Hearing loss affects millions of people around the world, and the World Health Organization estimates that by 2050, more than 900 million will suffer from the condition. Even with these large numbers, much is still unknown about age-related hearing loss. Experts are hoping fruit flies are the key to unlocking the mystery.
Why Study Fruit Flies?
Fruit flies, known by their scientific name Drosophila melanogaster are often used by scientists because of their genetic accessibility. Their molecular pathways for hearing are similar to those in humans and they are prone to age-related hearing loss.
The average lifespan of a fruit fly is 58 days, with some living as long as 70 days. One day in a fruit fly’s life is equivalent to one year for a human.
Fruit flies maintain their ability to hear well for around 50 days, meaning they spend 85 percent of their lives with good hearing.
Hearing Loss in Fruit Flies
A study conducted at the UCL Ear Institute assessed the hearing ability of fruit flies to see how their hearing declines as they age. While many researchers have used these insects to study human hearing, none have followed flies’ hearing loss across their entire lifespan.

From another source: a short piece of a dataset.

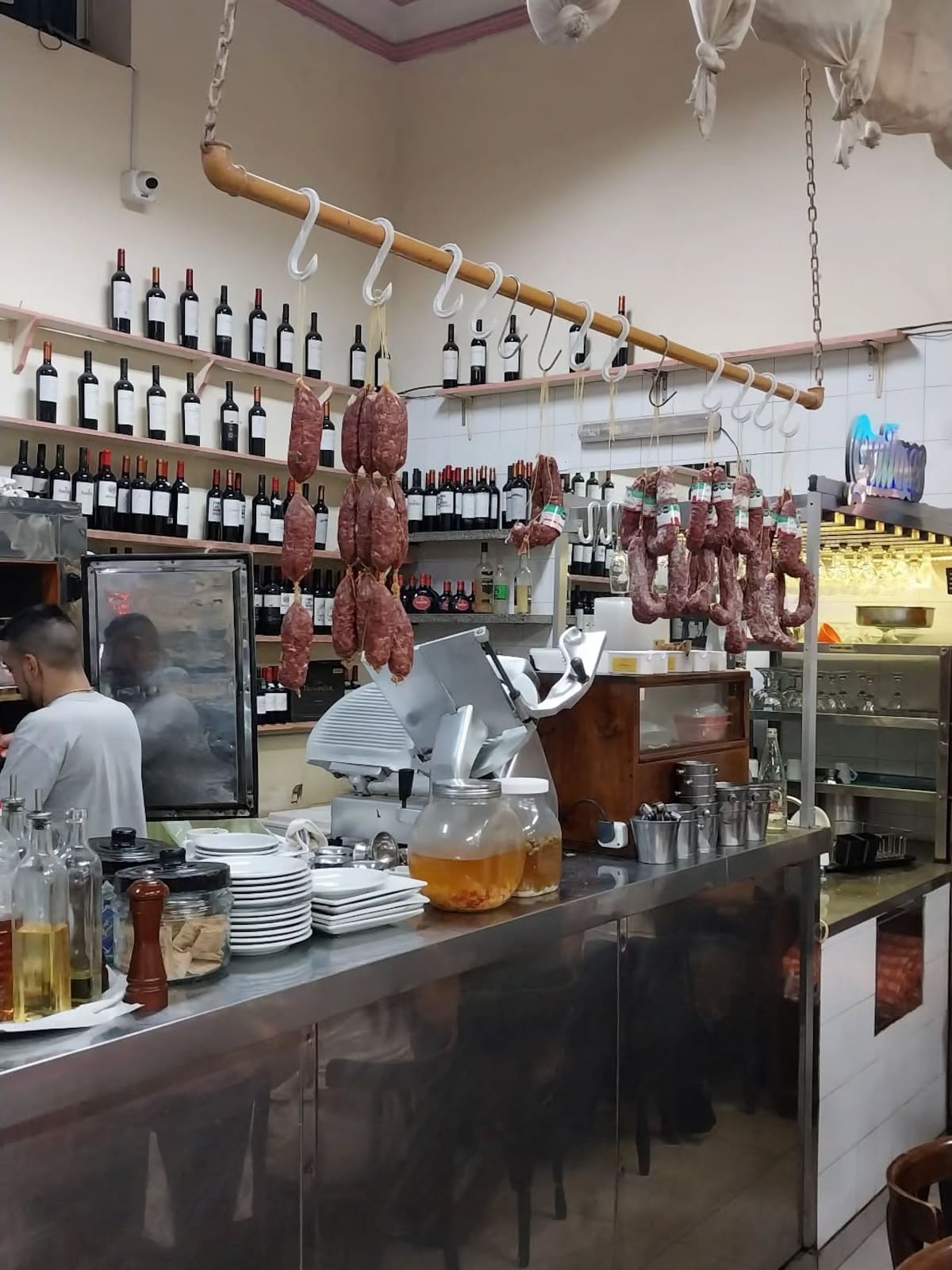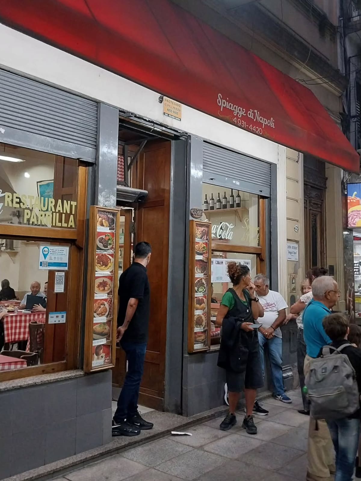 A diferencia de otros locales históricos que fueron remodelados para “parecer antiguos”, Spiagge di Napoli es auténticamente lo que siempre fue. Mesas simples, botellas en repisas altas, mozos de oficio y una dinámica intensa que no busca silencio ni solemnidad.

The researchers used advanced biochemical, neurophysiological and behavioral techniques to determine that fruit flies suffer from age related hearing loss around 50 days of age. Once they determined this, researchers were able to study what happened in the time before the flies lost their hearing; they were specifically looking for any genes that kept the ears healthy.
Researchers identified a new set of transcription regulator genes called homeostasis genes. This means these genes control the activity that keeps the ears hearing well.
Joerg Albert is a professor at UCL Ear Institute and lead author of the study. He explains, “While many studies have been conducted into the hearing function of fruit flies, ours is the first to look at the mechanistic and molecular detail of their auditory life course.”
“Our twin discoveries that fruit flies experience age-related hearing loss and that their prior auditory health is controlled by a particular set of genes, is a significant breakthrough. The fact that these genes are conserved in humans will also help to focus future clinical research in humans and thereby accelerate the discovery of novel pharmacological or gene-therapeutic strategies.”
Albert confirmed that him and his team have already started a follow-up drug discovery project designed around the results of this initial study.